In these studies, bavisant improved myelin repair and reduced nerve damage, with similar effects also seen in laboratory models using human myelin‑producing cells.
This is early‑stage research, but it provides important proof‑of‑concept supporting the possibility of testing bavisant in clinical trials focused on nerve protection and repair in people with MS.
This strategy aligns closely with that of PLATYPUS, the Australian arm of the international OCTOPUS clinical trial, testing repurposed drugs for neuroprotection and remyelination in progressive MS.
How brief inflammation may lead to long‑term disability in MS
A second Alliance-funded study, published in Brain, found that even a few days of low oxygen during an acute inflammatory event – such as an MS attack –  can trigger long-term loss of grey matter and progressive disability
During periods of active inflammation in MS, some areas of the brain and spinal cord can temporarily receive less oxygen than they need. This study showed that even short periods of low oxygen in inflamed areas can have lasting effects.
The researchers found that reduced oxygen levels can initially cause temporary symptoms at first, such as weakness or sensory changes. However, they also showed that these brief oxygen shortages can trigger slow, ongoing damage to grey matter, the part of the brain that contains nerve cells. Over time, this gradual nerve cell loss can lead to steadily worsening disability, potentially becoming more severe than the original symptoms.
Importantly, the researchers also found ways to reduce this damage in experimental models. When oxygen levels were maintained during inflammation – either by briefly using a drug called nimodipine to improve blood flow, or by increasing the amount of oxygen breathed – both the immediate symptoms and the longer-term nerve damage were significantly reduced.
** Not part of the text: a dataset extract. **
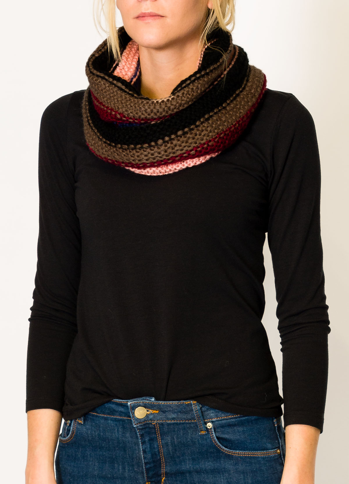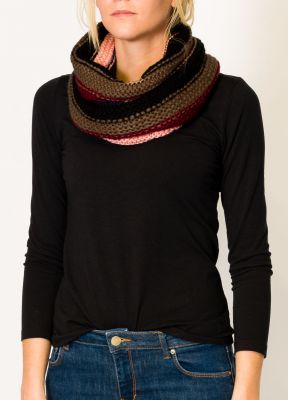 Ciepły komin, kolorowe paski, tuba, wkładany przez głowę. Ciekawe połączenia kolorystyczne do wyboru.Materiał 65% bawełna, 35% akryl (wełna syntetyczna).Wymiary: Obwód: 65cm, po rozciągnięciu ok. 105cm, Wysokość: 60cm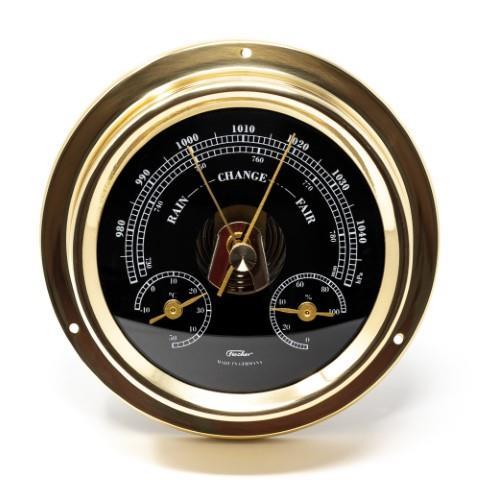 Marine vejrstation Fischer 1508BTH-45.6 Vi præsenterer en elegant, meget nøjagtig vejrstation produceret af det tyske firma Fischer. Sættet indeholder et barometer, et hygrometer og et termometer. Takket være Fisher-vejrstationen kan du holde styr på mikroklimaet i dit hjem. Barometeret giver dig mulighed for at observere trykfald og -stigninger. Hygrometeret viser luftfugtigheden i dit hjem, og du kan aflæse temperaturen på termometeret. Dette produkt er fremstillet i nautisk stil. Det smukke gyldne kabinet ser fantastisk ud. Kombinationen af det gyldne kabinet og den sorte urskive med gyldne accenter ser yderst elegant ud og vil tilføre stil til dit rum. Dette produkt er både smukt og meget nyttigt. Det er et produkt af høj kvalitet, der er fremstillet af det kendte firma Fischer. Firmaet Fischer blev grundlagt i 1945 i Drebach, Tyskland, og har siden da fremstillet barometre, hygrometre og termometre. Det har over 70 års erfaring i denne branche. I dag er Fischer en velkendt og respekteret leverandør af produkter af høj kvalitet. Alle produkter er håndlavede udelukkende i Erzgebirge i Tyskland. Dimensioner: Diameter 12,5 cm. Andre produktegenskaber: Navne på skjoldene på engelsk. Nøjagtighed af barometermåling: ± 3 hPa, nøjagtighed af hygrometermåling: ± 3 % r.h. (20 … 100 %), +1 gradueringsskala Nøjagtighed af termometermåling: ± 1 K OBS! Skalering af barometer, termometer og hygrometer er udført på fabrikken. På grund af f.eks. kraftige stød kan det dog være nødvendigt at foretage en ny regulering. For at gøre dette skal du i tilfælde af barometer og hygrometer bruge en skruetrækker og justere skruen på bagsiden af enheden i henhold til instruktionerne i den medfølgende manual. I tilfælde af et termometer kan det, når kviksølvkolonnen er revet fra hinanden, repareres ved at ryste kolonnen kraftigt flere gange.

These findings suggest that short episodes of inflammation and low oxygen earlier in the disease course could contribute to long‑term disability in MS, but that protecting oxygen supply at the time may help limit lasting damage.
While this study was conducted in experimental models, it provides new insight into how disability may develop over time in MS and may help guide future strategies to protect nerve cells and slow disease progression.
Australia represented on the Alliance Scientific Steering Committee
Professor Tomas Kalincik has joined the Alliance’s Scientific Steering Committee as Australia’s representative.
Professor Kalincik is an MS neurologist, biostatistician and MS Australia-funded researcher with expertise in treatment and outcomes of MS, individualised therapy, prognosis and epidemiology.
He is the Dame Kate Campbell Professorial Fellow, the head of the Clinical Outcomes Research (CORe) Unit at the University of Melbourne, and Head of the MS Centre at the Royal Melbourne Hospital.
Through this role, Professor Kalincik will contribute Australian expertise to the Alliance’s international scientific direction and priorities.
What does this mean for people living with MS?
International research is making progress towards new ways to treat progressive MS. These latest studies demonstrate how coordinated global research – supported by strong Australian leadership –  can accelerate the identification of new treatment approaches, including potential new candidate for future clinical trials, and deepen understanding of the mechanisms driving disability progression in MS.